Likewise, there is no doubt about that a number of insights, techniques and some useful results have been achieved in the field over years that are of real interest, inspiration and insight for linguists, such as machine translation, to name just one field (which in itself took decades to get to its present and limited state while linguists have always been behind this). Due to its different orientation, more linguistic in character, it is also evident that corpus linguistics is no longer a mere branch of computational linguistics, although there is a lot of overlapping and mutual inspiration. The praise along these lines is not difficult to formulate but are we really after praise and feeling of self-satisfaction only?

However, despite a considerable progress recorded here, some of real problems that seem to be of importance persist and new ones have emerged. In what follows, some of these are summarized and presented in a special and, perhaps, idiosyncratic list of problems which I choose to call commandments because of their urgent nature. In an attempt to sum up in a terse and perhaps somewhat aphoristic form, some of the most salient aspects, characteristic of the present state of affairs, which is based on sobering and often disconcerting experience of recent years, are offered here in a nutshell, followed by comments. Technically, this contribution happens to be a build-up and modification of a similar but much smaller list and survey published five years ago (Čermák 2002).

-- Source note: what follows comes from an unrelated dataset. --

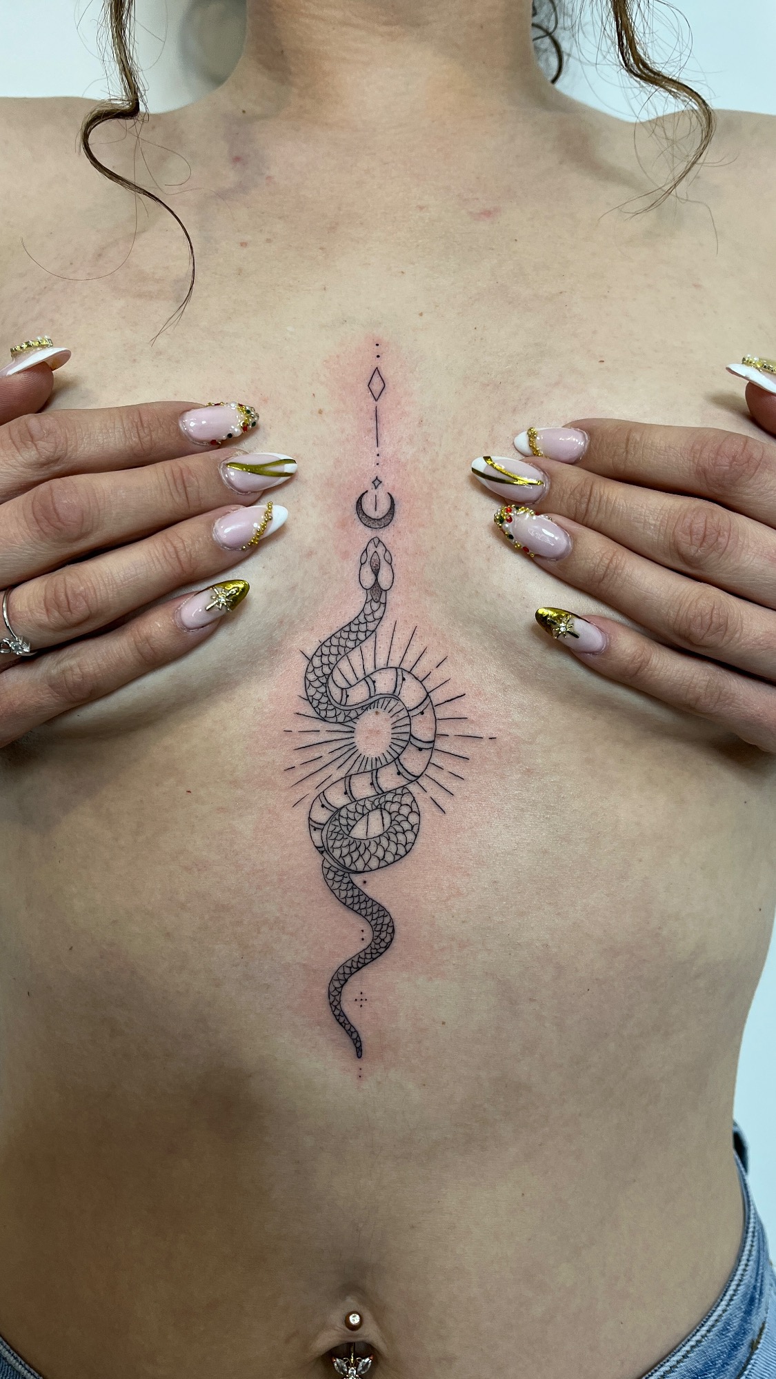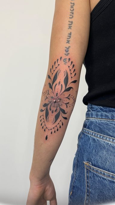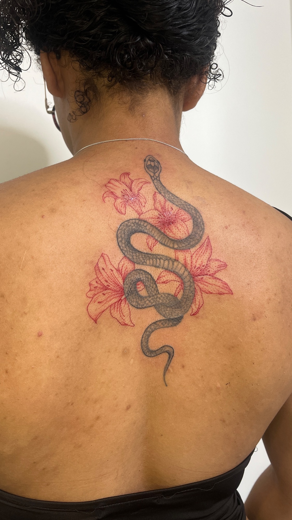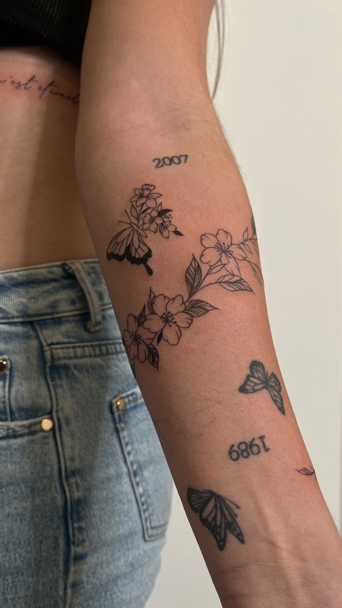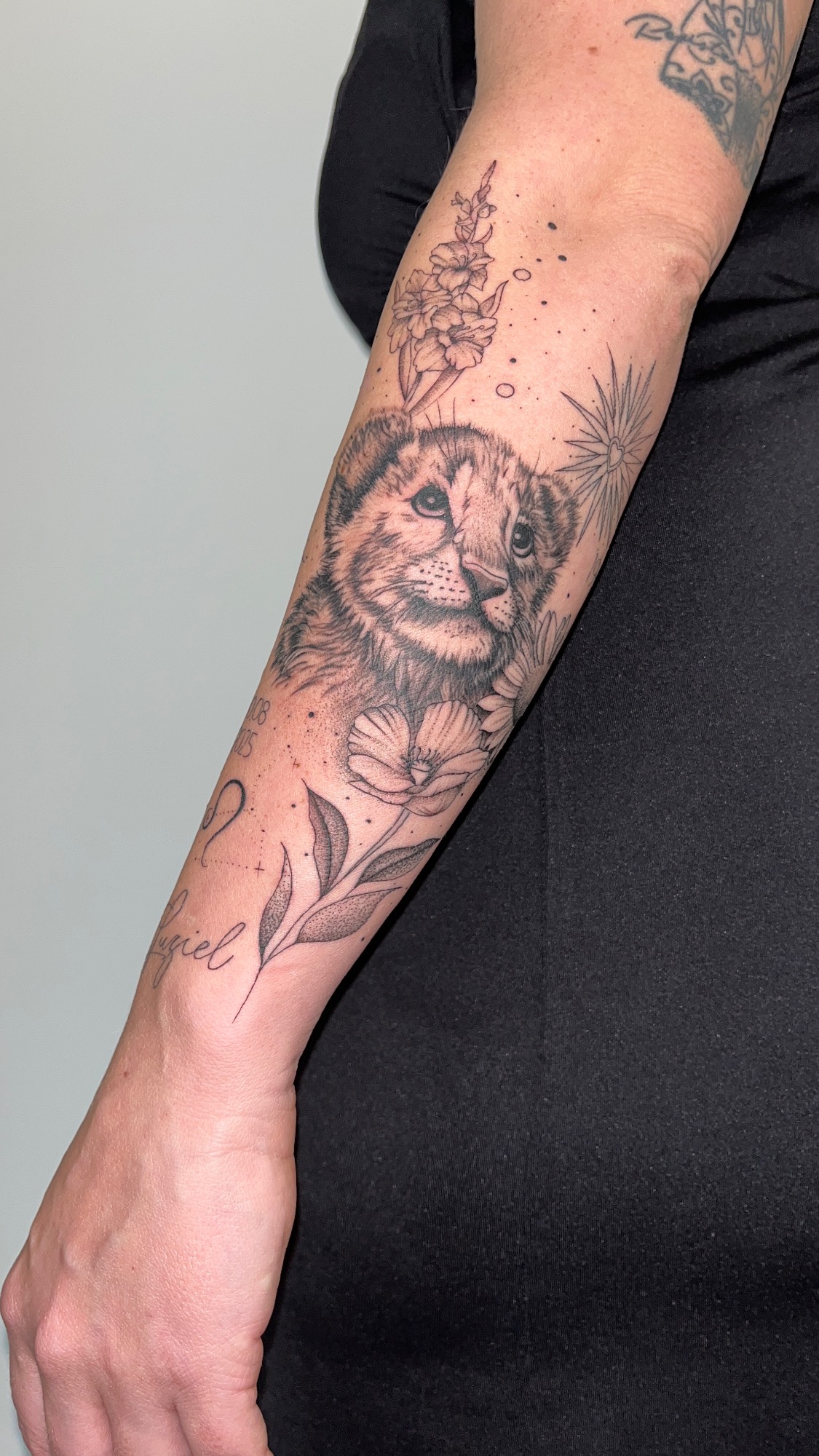 Les tatouages réalisés par Emeric ont pour points communs les lignes fines dit « fineline ». Il remporte la 2e place à la convention « INTERNATIONAL CHARTRES TATTOO SHOW 2025 » dans cette catégorie. La finesse, la précision et la délicatesse sont ses maîtres mots. Des ombrages claires et léger viennent sublimer les tattoos.

(1) Garbage in, garbage out.

A Comment: This is an old, general and, hopefully, broadly accepted experience and re-interpreted knowledge, having, in the case of corpora, a number of implications related to data and their treatment. One cannot expect reasonable and useful results from bad data fed into computer either because of their skewed nature and because they are not representative of the phenomenon to be described or simply because they are not sufficient. A special case of the latter is a wanton choice of data, artificially cut off from other although these are interconnected. This leads to another point. To make things worse, once a clumsy query or a badly formulated algorithm is used the results one may get may be ever more useless.

(2) The more data the better. But there is never enough data to help solve everything.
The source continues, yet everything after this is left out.